ASSIGNMENT –
Take the lines from the line containing "- 星牌 XW107-12S 英式斯諾克臺球桌" through the end of the entries and output them exactly, with no pictures and nothing more.

>>>

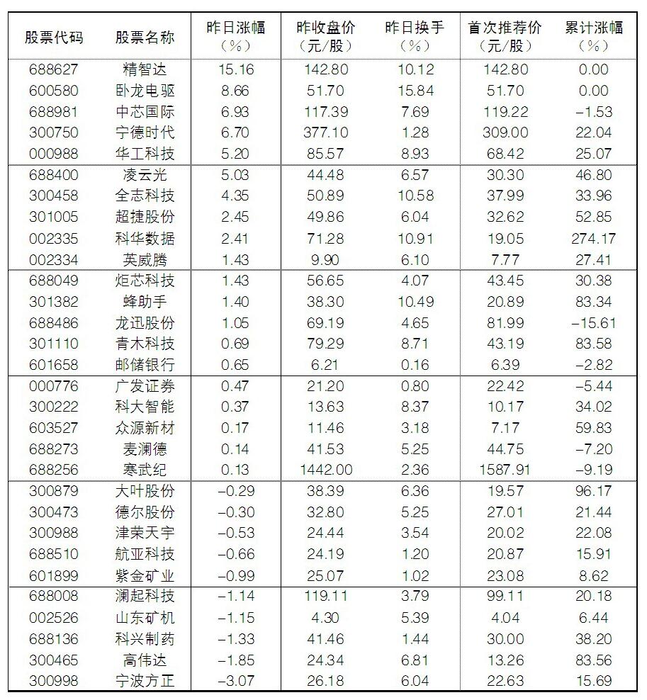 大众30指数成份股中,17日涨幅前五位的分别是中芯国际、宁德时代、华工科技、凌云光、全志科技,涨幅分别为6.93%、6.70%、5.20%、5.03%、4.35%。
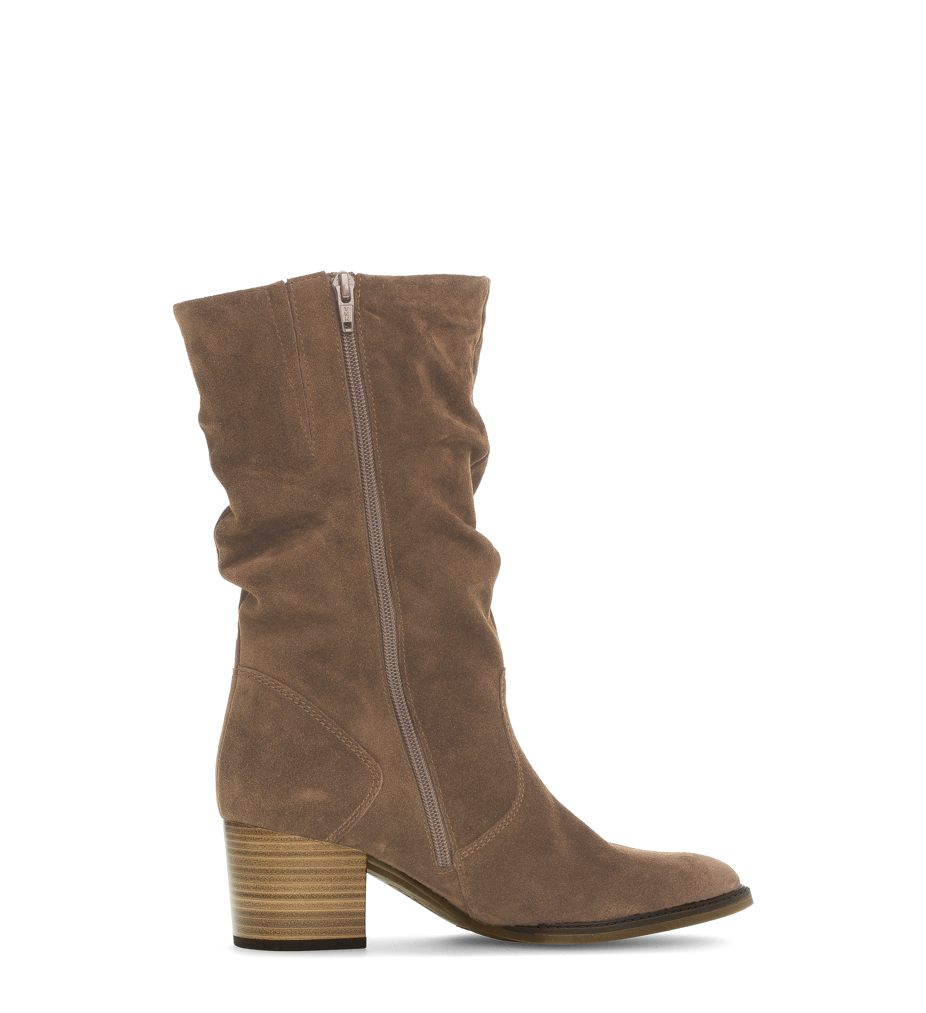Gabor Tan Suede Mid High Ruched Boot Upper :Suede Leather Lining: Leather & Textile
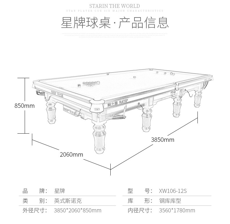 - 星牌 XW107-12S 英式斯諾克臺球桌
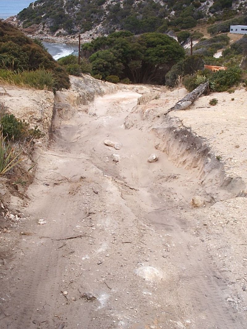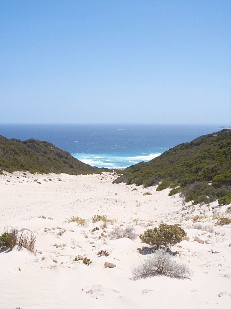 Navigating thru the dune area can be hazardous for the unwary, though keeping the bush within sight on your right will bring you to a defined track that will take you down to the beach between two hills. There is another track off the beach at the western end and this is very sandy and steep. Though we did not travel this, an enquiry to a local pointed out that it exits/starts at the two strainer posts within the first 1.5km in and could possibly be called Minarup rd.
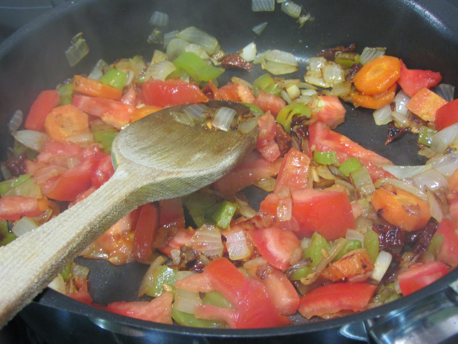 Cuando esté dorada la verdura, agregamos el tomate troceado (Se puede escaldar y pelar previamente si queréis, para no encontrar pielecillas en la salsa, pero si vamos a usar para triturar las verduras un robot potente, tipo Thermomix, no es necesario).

<<<

RESULT FOR THIS EXERCISE –
 - 星牌 XW107-12S 英式斯諾克臺球桌
 Navigating thru the dune area can be hazardous for the unwary, though keeping the bush within sight on your right will bring you to a defined track that will take you down to the beach between two hills. There is another track off the beach at the western end and this is very sandy and steep. Though we did not travel this, an enquiry to a local pointed out that it exits/starts at the two strainer posts within the first 1.5km in and could possibly be called Minarup rd.
 Cuando esté dorada la verdura, agregamos el tomate troceado (Se puede escaldar y pelar previamente si queréis, para no encontrar pielecillas en la salsa, pero si vamos a usar para triturar las verduras un robot potente, tipo Thermomix, no es necesario).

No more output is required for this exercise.